I closed the contour with the vertical segment from $z=i$ to $z=-i$.

The integrand has branch points at $z=i, z=-i$, and $z=0$. So I made a cut along the positive imaginary axis from $i$ to $i \infty$, a cut along the negative imaginary axis from $-i$ to $-i \infty$, and a cut along the negative real axis (including the origin).

Under the restrictions placed on the parameters, all of the branch points are weak.

And it should be that $ \int_{C}z^{a-1}\left( z+z^{-1}\right)^{b}\ dz = 2i \sin\left(\frac{\pi(a-b)}{2}\right)\int_{0}^{1}t^{a-b-1}\left(1-t^{2}\right)^{b}\ dt$.

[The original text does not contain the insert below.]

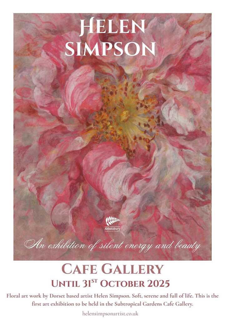 Floral art work by Dorset based artist Helen Simpson. Soft, serene and full of life. This is the first art exhibition to be held in the Subtropical Gardens Cafe Gallery.
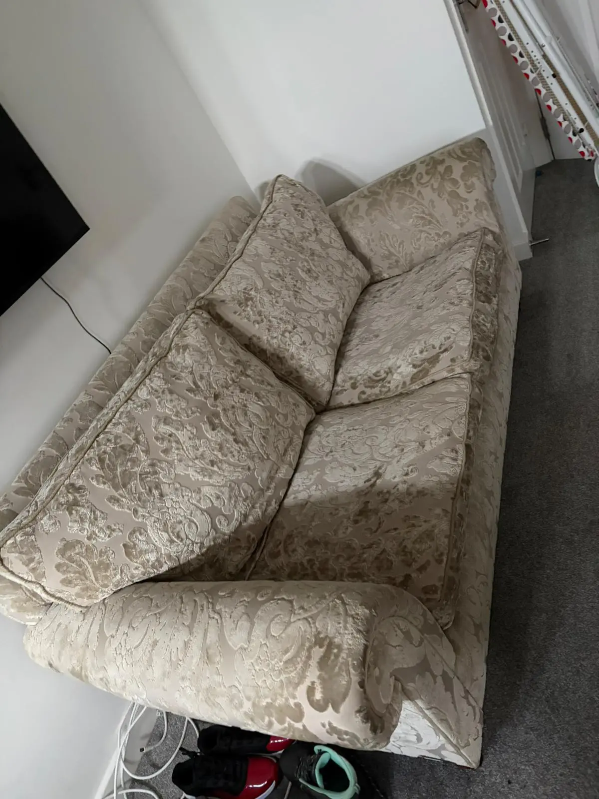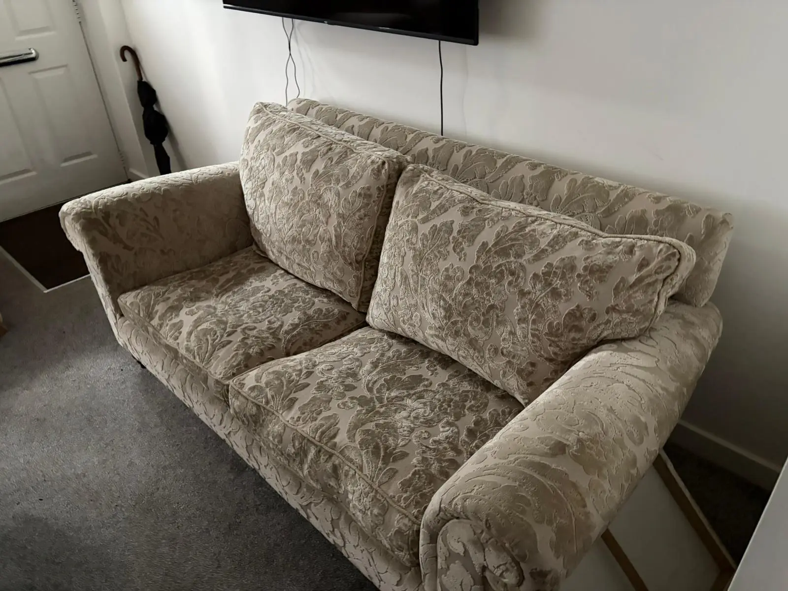 Lovely, comfortable duresta 2-seater sofa in a classic beige floral pattern. In great condition with firm cushions and sturdy wooden feet. Comes from a non-smoking home and has been well looked after. Perfect for a living room, spare room, or first home.

What I get is $\int_{C}z^{a-1}\left( z+z^{-1}\right)^{b}\ dz + \int_{1}^{0}(it)^{a-1}\left( it+(it)^{-1}\right)^{b}i \ dt - \int_{0}^{1}(-it)^{a-1}\left( -it+(-it)^{-1}\right)^{b}i \ dt = 0 $

or $\int_{C}z^{a-1}\left( z+z^{-1}\right)^{b}\ dz = i \ i^{a-b}\int_{0}^{1}t^{a-b-1}\left(1-t^{2}\right)^{b}\ dt + (-1)^{a+b-1} i \ i^{a-b}\int_{0}^{1}t^{a-b-1}\left(1-t^{2}\right)^{b}\ dt$

$ = i e^{i \pi \frac{(a-b)}{2}} \Big( \int_{0}^{1}t^{a-b-1}\left(1-t^{2}\right)^{b}\ dt + (-1)^{a+b-1} \int_{0}^{1}t^{a-b-1}\left(1-t^{2}\right)^{b}\ dt \Big)$

Now comes the part that has me completely confused. On that part of the contour does $-1= e^{i \pi}$ or does $-1 = e^{- i \pi}$? It can't be both due to the cut along the negative real axis. The latter leads to the correct answer. But I don't know why it's necessarily the latter.EDIT: I think this strange issue is the result of not being careful with the parametrization of the contour.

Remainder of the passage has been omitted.